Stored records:
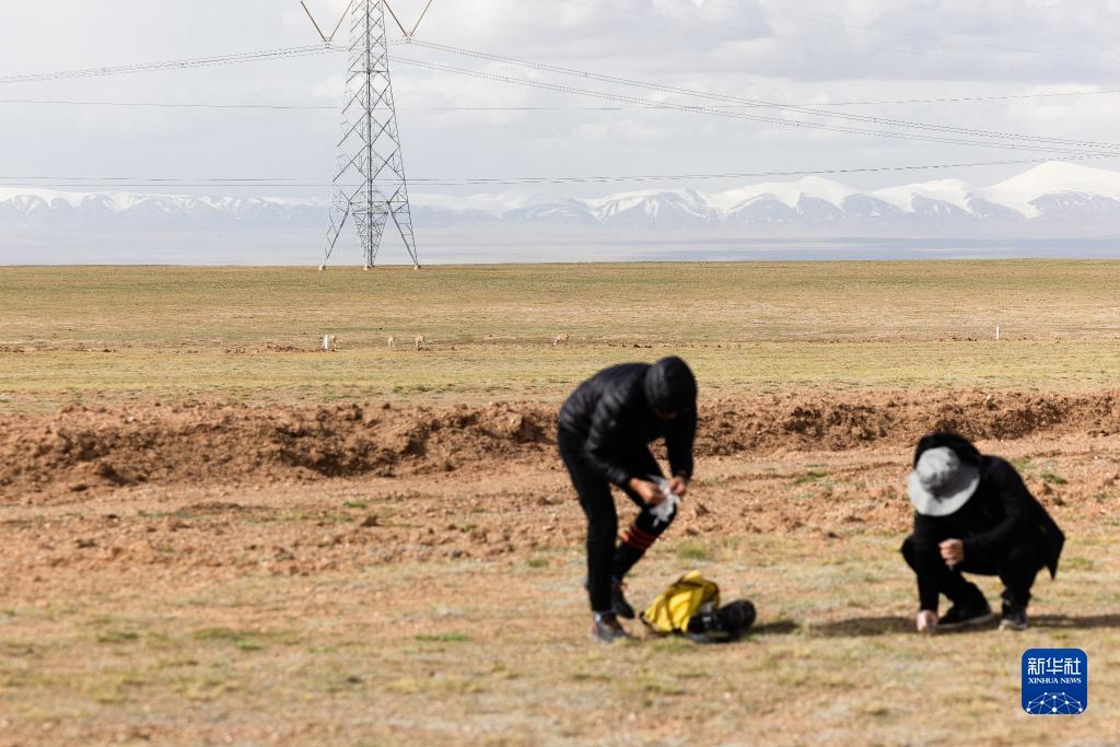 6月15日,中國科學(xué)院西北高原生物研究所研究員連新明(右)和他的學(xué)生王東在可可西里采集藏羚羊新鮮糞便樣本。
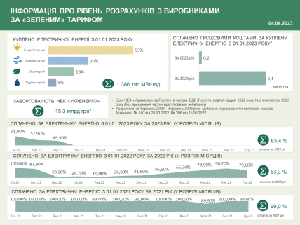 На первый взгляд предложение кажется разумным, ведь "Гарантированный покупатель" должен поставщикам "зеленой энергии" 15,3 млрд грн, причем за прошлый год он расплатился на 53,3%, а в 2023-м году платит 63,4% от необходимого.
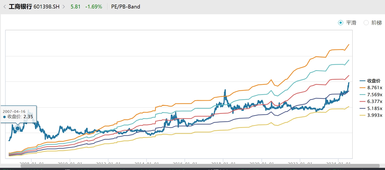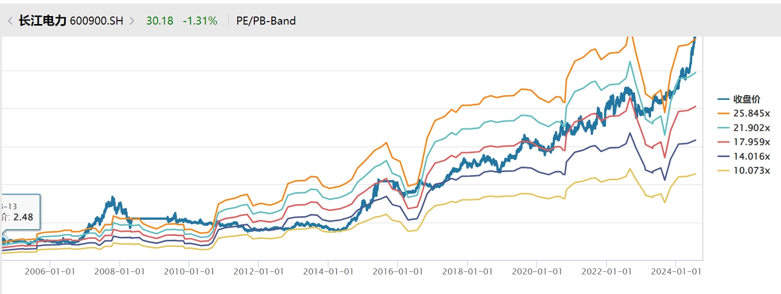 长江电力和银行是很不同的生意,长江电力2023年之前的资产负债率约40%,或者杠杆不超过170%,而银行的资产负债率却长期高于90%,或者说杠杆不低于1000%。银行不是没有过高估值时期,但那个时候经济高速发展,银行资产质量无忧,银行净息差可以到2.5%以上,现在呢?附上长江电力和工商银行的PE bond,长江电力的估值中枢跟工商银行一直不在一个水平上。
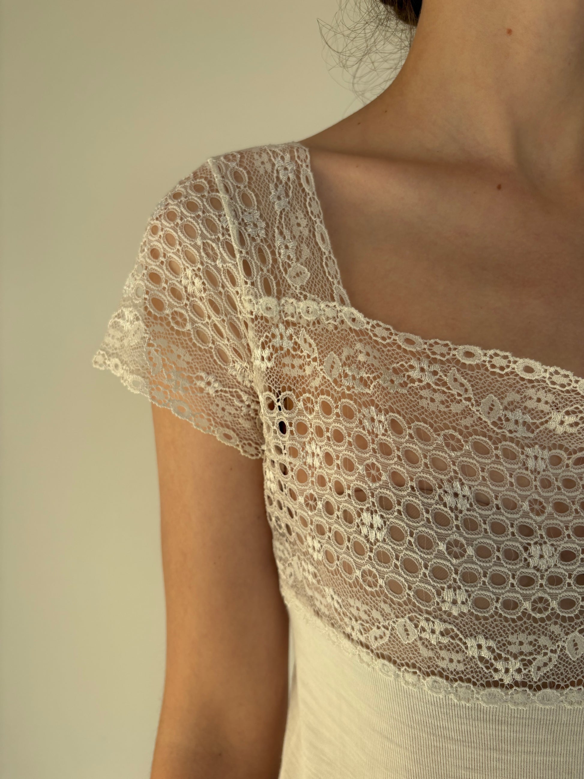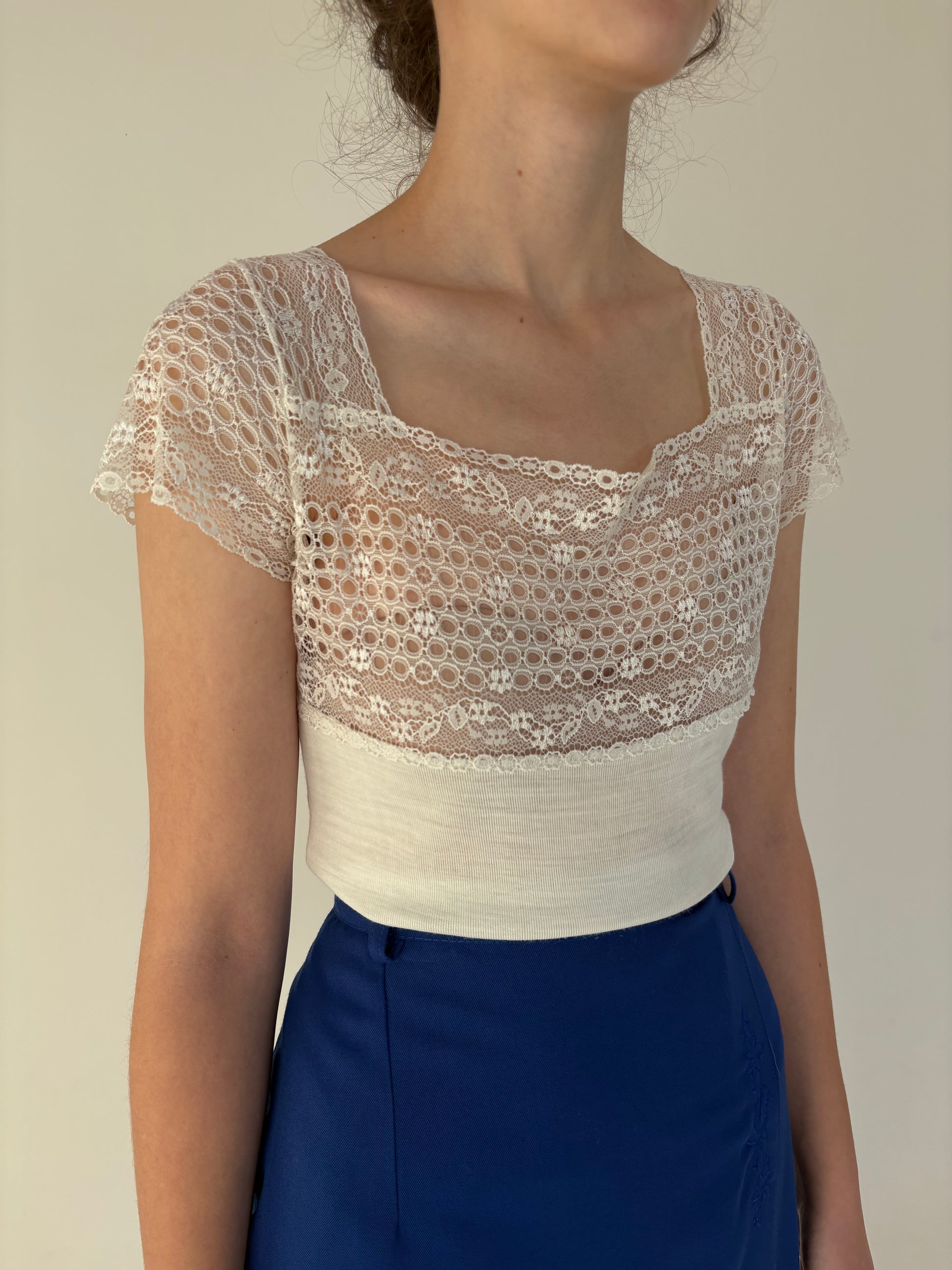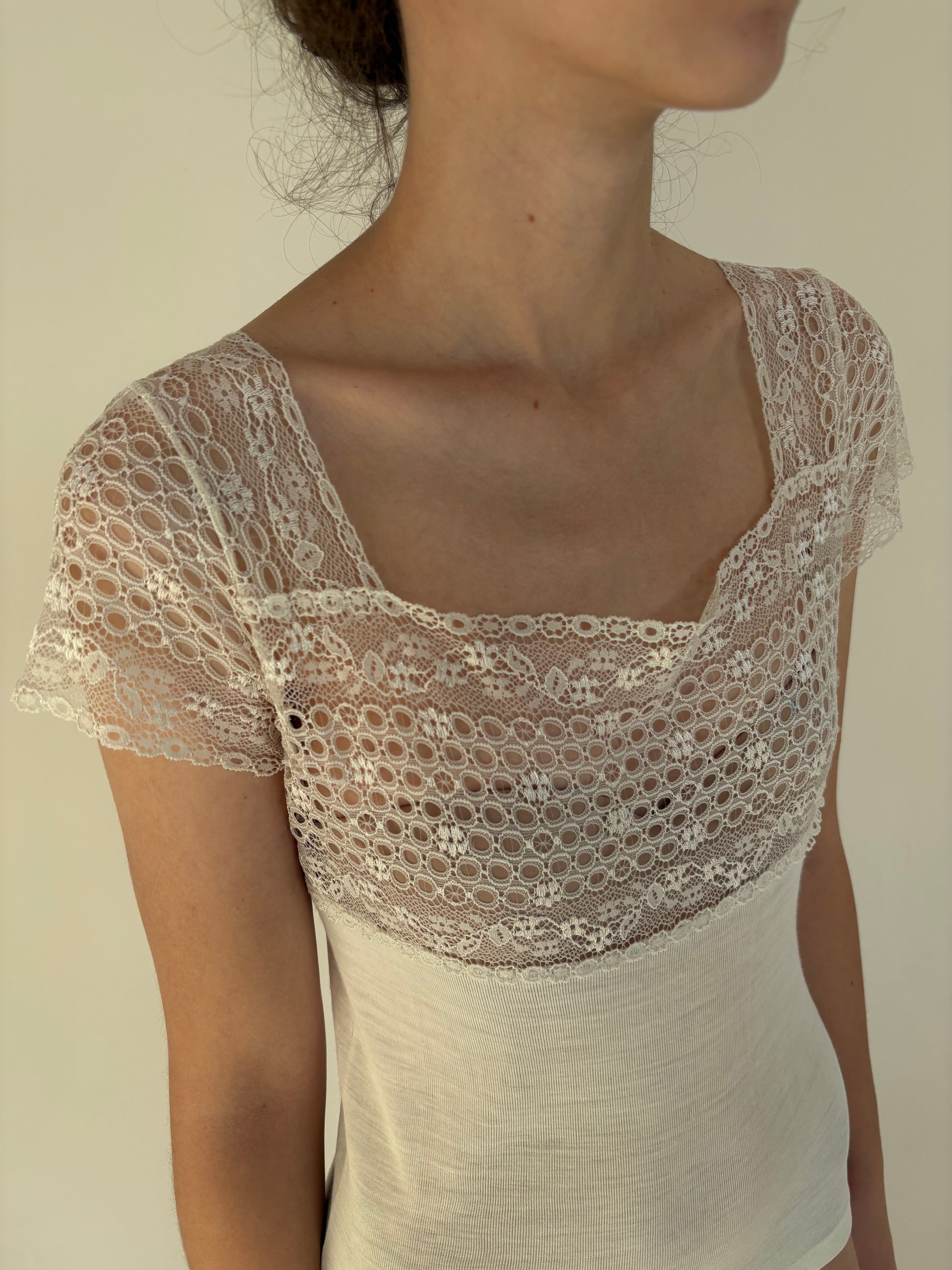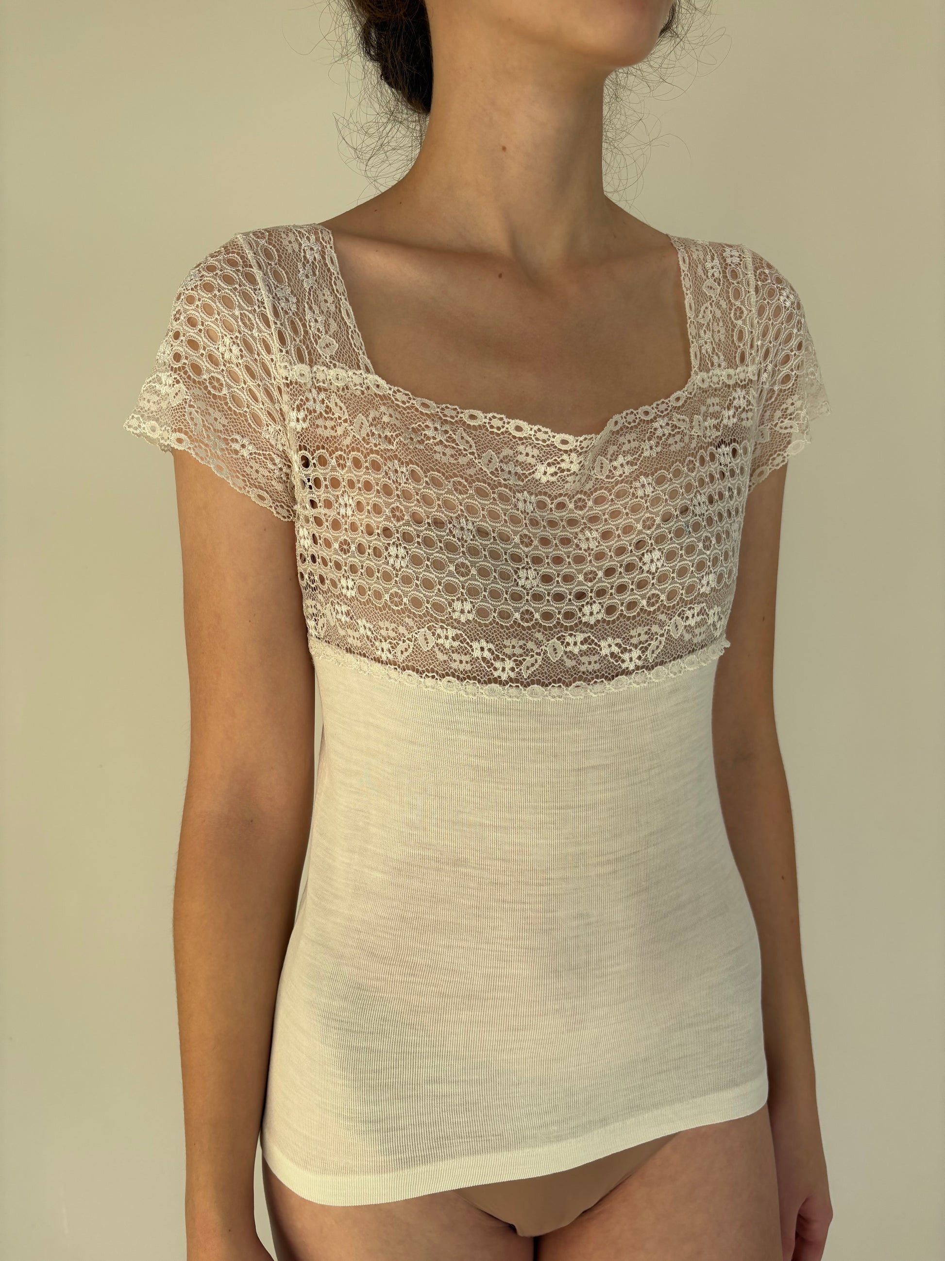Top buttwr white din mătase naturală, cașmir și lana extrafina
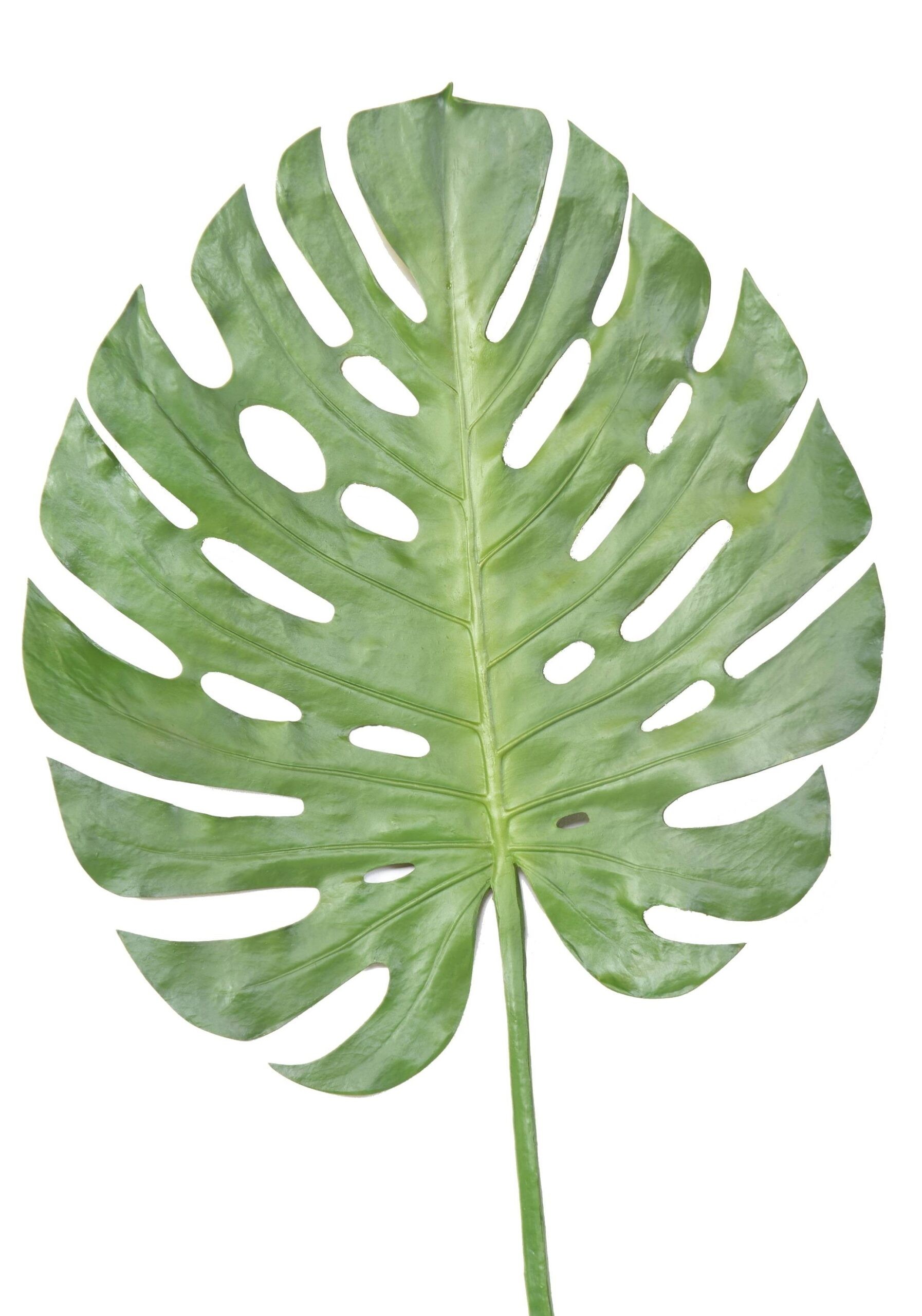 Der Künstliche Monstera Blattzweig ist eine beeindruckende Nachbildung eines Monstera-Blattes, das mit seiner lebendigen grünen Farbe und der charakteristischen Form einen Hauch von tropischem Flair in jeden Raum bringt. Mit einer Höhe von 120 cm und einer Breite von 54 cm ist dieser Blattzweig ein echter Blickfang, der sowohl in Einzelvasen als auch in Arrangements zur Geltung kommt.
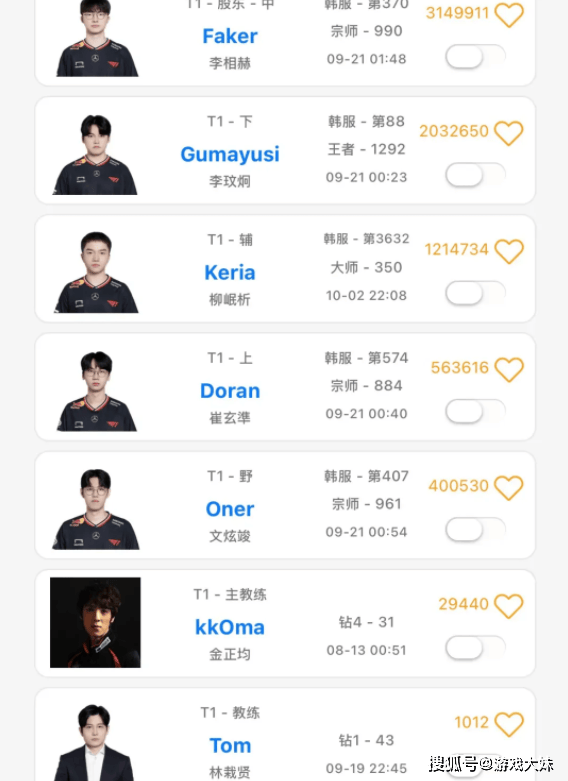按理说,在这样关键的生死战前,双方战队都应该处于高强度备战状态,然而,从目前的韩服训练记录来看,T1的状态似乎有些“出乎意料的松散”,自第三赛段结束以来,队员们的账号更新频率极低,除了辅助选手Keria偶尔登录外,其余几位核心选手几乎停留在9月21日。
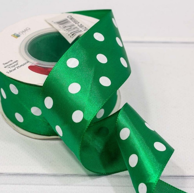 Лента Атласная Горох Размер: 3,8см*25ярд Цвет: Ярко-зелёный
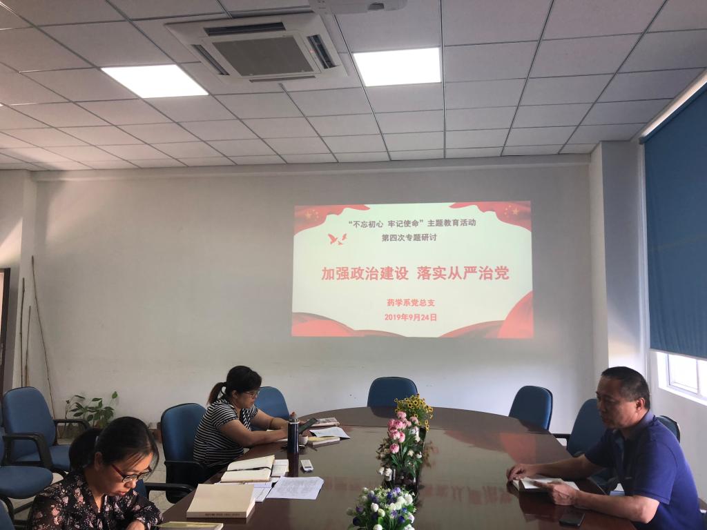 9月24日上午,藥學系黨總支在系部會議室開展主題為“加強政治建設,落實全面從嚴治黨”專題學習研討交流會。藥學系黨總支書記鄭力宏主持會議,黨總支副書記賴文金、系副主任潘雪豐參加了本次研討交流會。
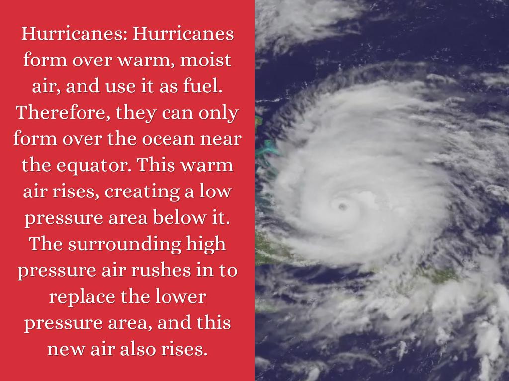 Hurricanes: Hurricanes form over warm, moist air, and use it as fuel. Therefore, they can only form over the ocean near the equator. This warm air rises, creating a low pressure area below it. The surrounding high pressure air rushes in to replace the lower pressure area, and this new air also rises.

ACTIVITY
Full transcription without images: please go through the records and repeat them exactly.

REPLY
 6月15日,中國科學(xué)院西北高原生物研究所研究員連新明(右)和他的學(xué)生王東在可可西里采集藏羚羊新鮮糞便樣本。
 На первый взгляд предложение кажется разумным, ведь "Гарантированный покупатель" должен поставщикам "зеленой энергии" 15,3 млрд грн, причем за прошлый год он расплатился на 53,3%, а в 2023-м году платит 63,4% от необходимого.
 长江电力和银行是很不同的生意,长江电力2023年之前的资产负债率约40%,或者杠杆不超过170%,而银行的资产负债率却长期高于90%,或者说杠杆不低于1000%。银行不是没有过高估值时期,但那个时候经济高速发展,银行资产质量无忧,银行净息差可以到2.5%以上,现在呢?附上长江电力和工商银行的PE bond,长江电力的估值中枢跟工商银行一直不在一个水平上。
Top buttwr white din mătase naturală, cașmir și lana extrafina
 Der Künstliche Monstera Blattzweig ist eine beeindruckende Nachbildung eines Monstera-Blattes, das mit seiner lebendigen grünen Farbe und der charakteristischen Form einen Hauch von tropischem Flair in jeden Raum bringt. Mit einer Höhe von 120 cm und einer Breite von 54 cm ist dieser Blattzweig ein echter Blickfang, der sowohl in Einzelvasen als auch in Arrangements zur Geltung kommt.
按理说,在这样关键的生死战前,双方战队都应该处于高强度备战状态,然而,从目前的韩服训练记录来看,T1的状态似乎有些“出乎意料的松散”,自第三赛段结束以来,队员们的账号更新频率极低,除了辅助选手Keria偶尔登录外,其余几位核心选手几乎停留在9月21日。
 Лента Атласная Горох Размер: 3,8см*25ярд Цвет: Ярко-зелёный
 9月24日上午,藥學系黨總支在系部會議室開展主題為“加強政治建設,落實全面從嚴治黨”專題學習研討交流會。藥學系黨總支書記鄭力宏主持會議,黨總支副書記賴文金、系副主任潘雪豐參加了本次研討交流會。
 Hurricanes: Hurricanes form over warm, moist air, and use it as fuel. Therefore, they can only form over the ocean near the equator. This warm air rises, creating a low pressure area below it. The surrounding high pressure air rushes in to replace the lower pressure area, and this new air also rises.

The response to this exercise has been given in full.